PROBLEM TO WORK ON: The part below that opens with the line containing "Windows 风格,提交 Unix" and closes with the line containing "2着(8)サンライズアリオン・4番人気 3着(9)マリアナトレンチ・7番人気 |" should be copied exactly, minus any pictures.

PROVIDED INFORMATION:
_ _ _ _

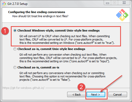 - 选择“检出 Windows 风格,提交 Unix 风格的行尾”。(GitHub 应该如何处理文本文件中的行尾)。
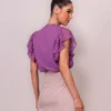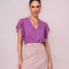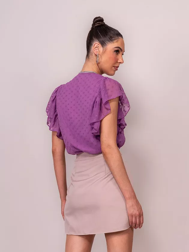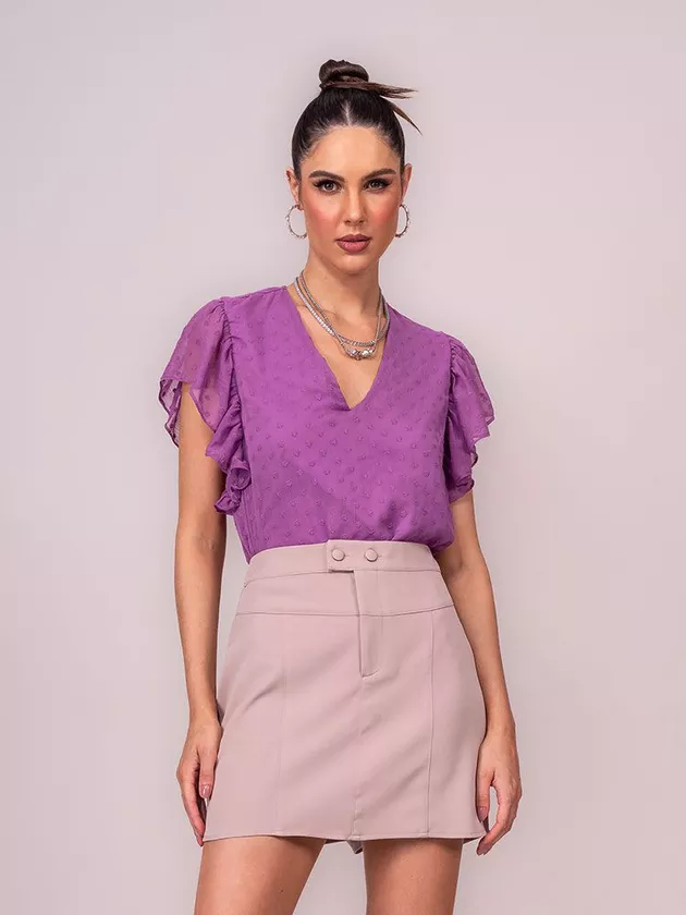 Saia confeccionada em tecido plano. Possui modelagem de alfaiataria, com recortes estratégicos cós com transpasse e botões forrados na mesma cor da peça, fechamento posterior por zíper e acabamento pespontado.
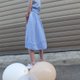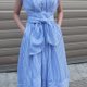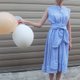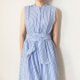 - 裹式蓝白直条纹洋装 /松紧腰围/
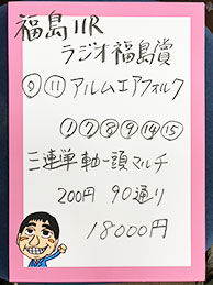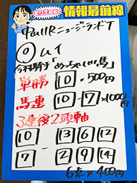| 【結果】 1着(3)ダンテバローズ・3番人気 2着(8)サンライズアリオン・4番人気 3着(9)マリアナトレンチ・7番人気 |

_ _ _ _

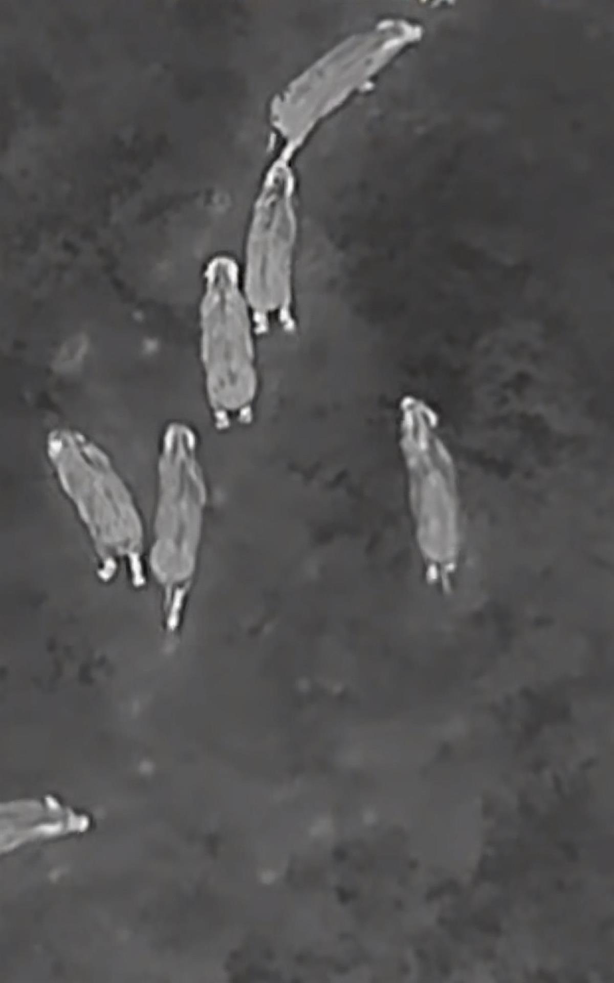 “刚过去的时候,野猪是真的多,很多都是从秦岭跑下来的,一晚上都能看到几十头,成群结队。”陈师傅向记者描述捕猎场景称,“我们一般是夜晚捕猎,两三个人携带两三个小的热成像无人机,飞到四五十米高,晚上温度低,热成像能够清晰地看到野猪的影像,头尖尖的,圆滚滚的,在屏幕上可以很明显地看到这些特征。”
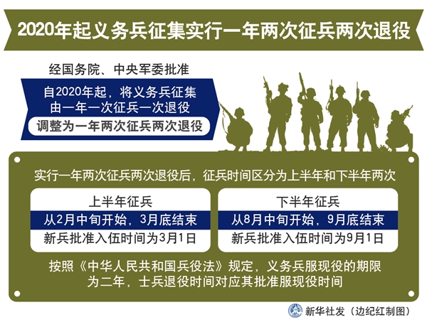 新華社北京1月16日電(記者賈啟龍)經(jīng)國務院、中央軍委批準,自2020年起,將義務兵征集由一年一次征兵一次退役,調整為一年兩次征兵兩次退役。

_ _ _ _

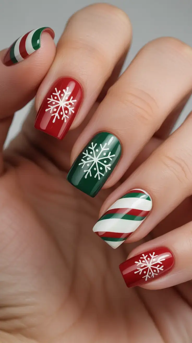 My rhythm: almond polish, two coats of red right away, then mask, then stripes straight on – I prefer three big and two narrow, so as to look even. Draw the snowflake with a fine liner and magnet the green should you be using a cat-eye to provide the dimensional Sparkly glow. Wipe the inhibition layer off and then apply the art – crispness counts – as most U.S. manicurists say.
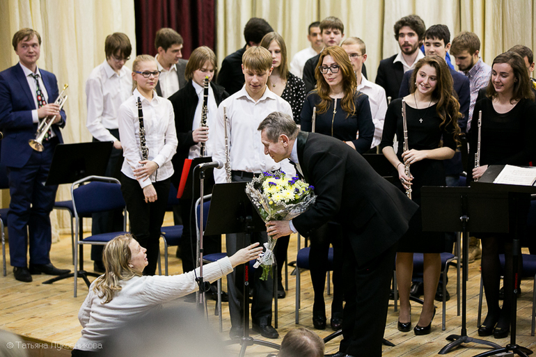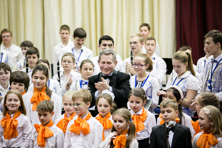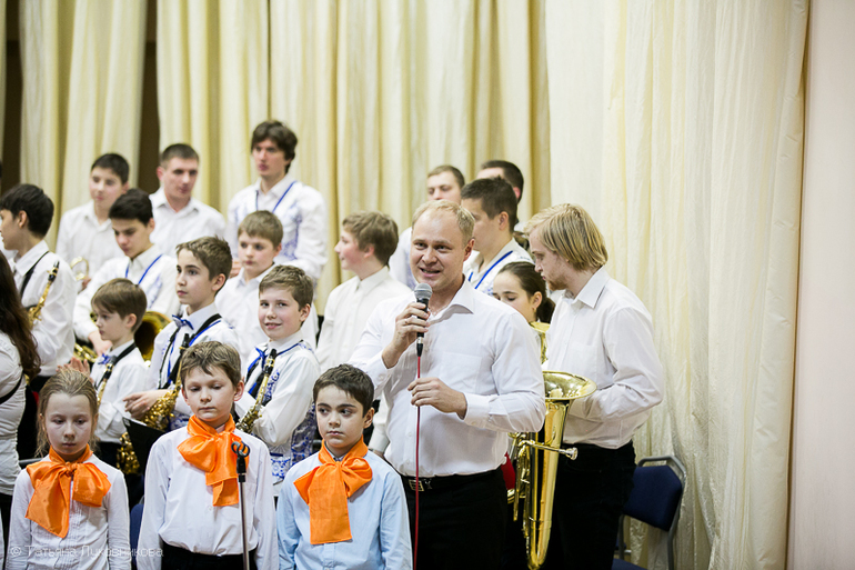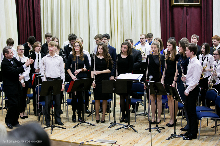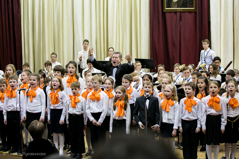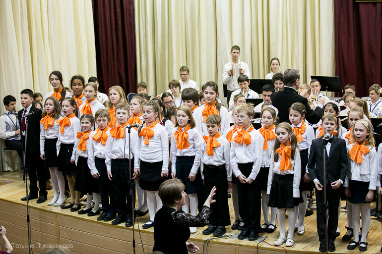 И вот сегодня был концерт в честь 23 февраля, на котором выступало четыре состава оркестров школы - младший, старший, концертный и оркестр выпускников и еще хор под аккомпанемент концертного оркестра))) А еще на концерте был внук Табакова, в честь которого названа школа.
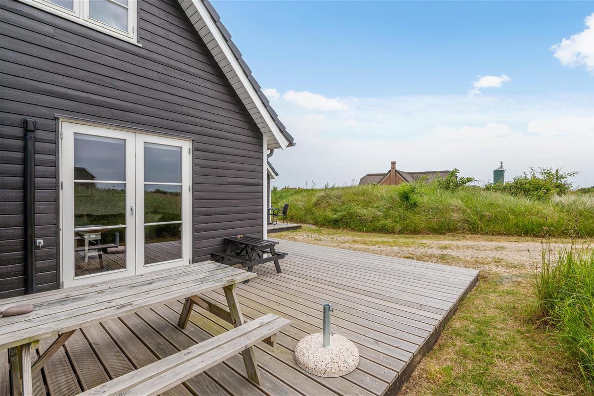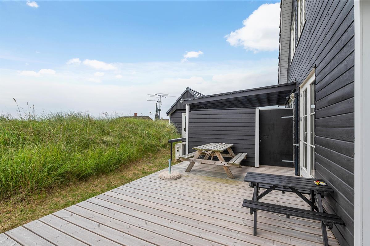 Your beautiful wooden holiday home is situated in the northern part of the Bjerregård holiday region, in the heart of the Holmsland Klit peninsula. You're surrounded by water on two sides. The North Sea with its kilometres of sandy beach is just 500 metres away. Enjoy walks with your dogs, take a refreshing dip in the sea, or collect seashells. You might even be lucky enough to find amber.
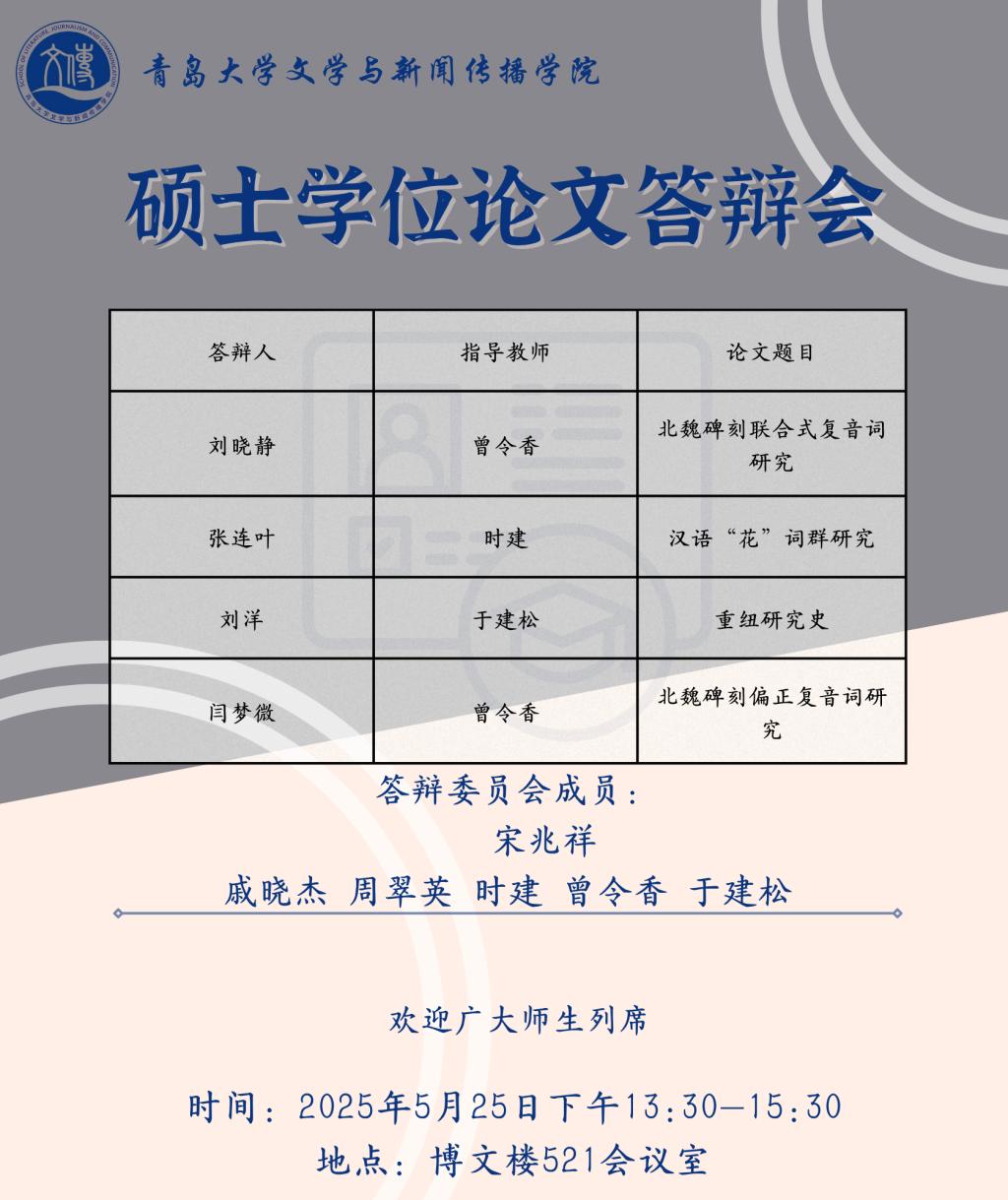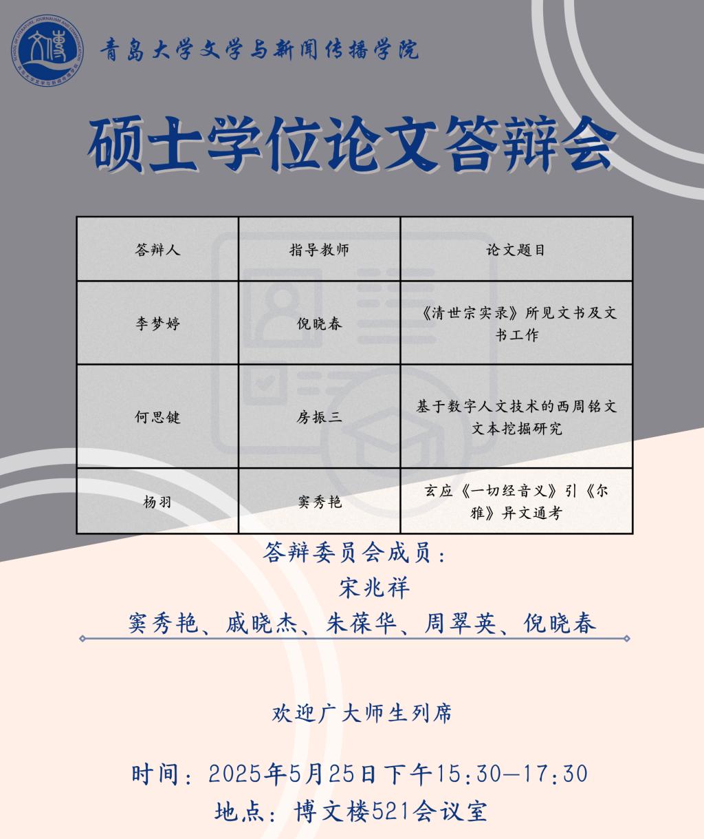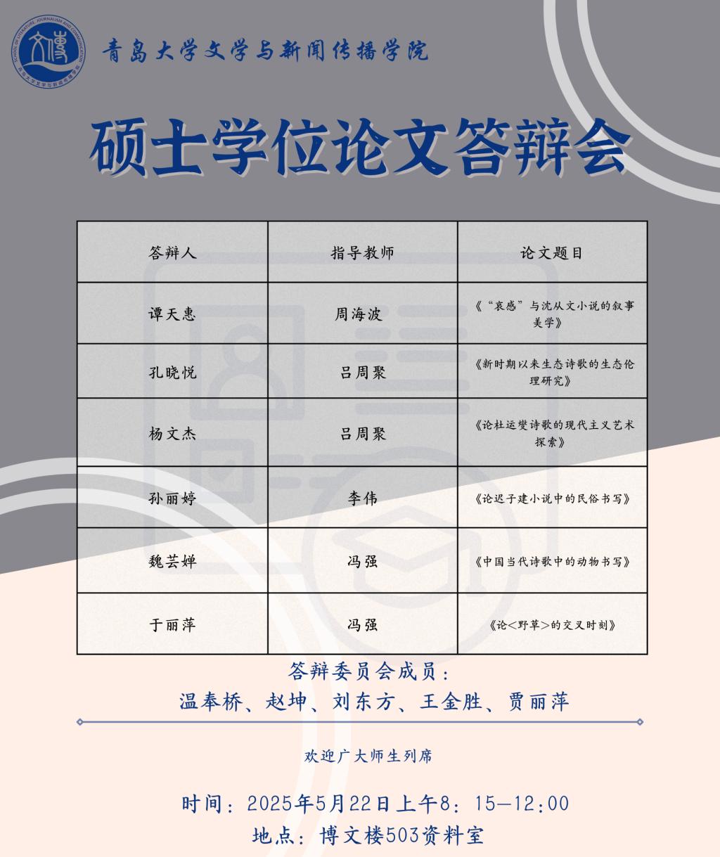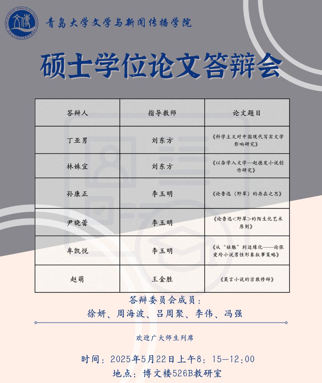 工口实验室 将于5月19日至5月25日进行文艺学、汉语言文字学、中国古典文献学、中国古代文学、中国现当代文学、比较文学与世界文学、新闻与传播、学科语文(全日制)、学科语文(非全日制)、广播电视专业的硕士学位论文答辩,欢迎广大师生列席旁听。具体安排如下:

_ _ _ _

WORKED SOLUTION:
 - 选择“检出 Windows 风格,提交 Unix 风格的行尾”。(GitHub 应该如何处理文本文件中的行尾)。
 Saia confeccionada em tecido plano. Possui modelagem de alfaiataria, com recortes estratégicos cós com transpasse e botões forrados na mesma cor da peça, fechamento posterior por zíper e acabamento pespontado.
 - 裹式蓝白直条纹洋装 /松紧腰围/
| 【結果】 1着(3)ダンテバローズ・3番人気 2着(8)サンライズアリオン・4番人気 3着(9)マリアナトレンチ・7番人気 |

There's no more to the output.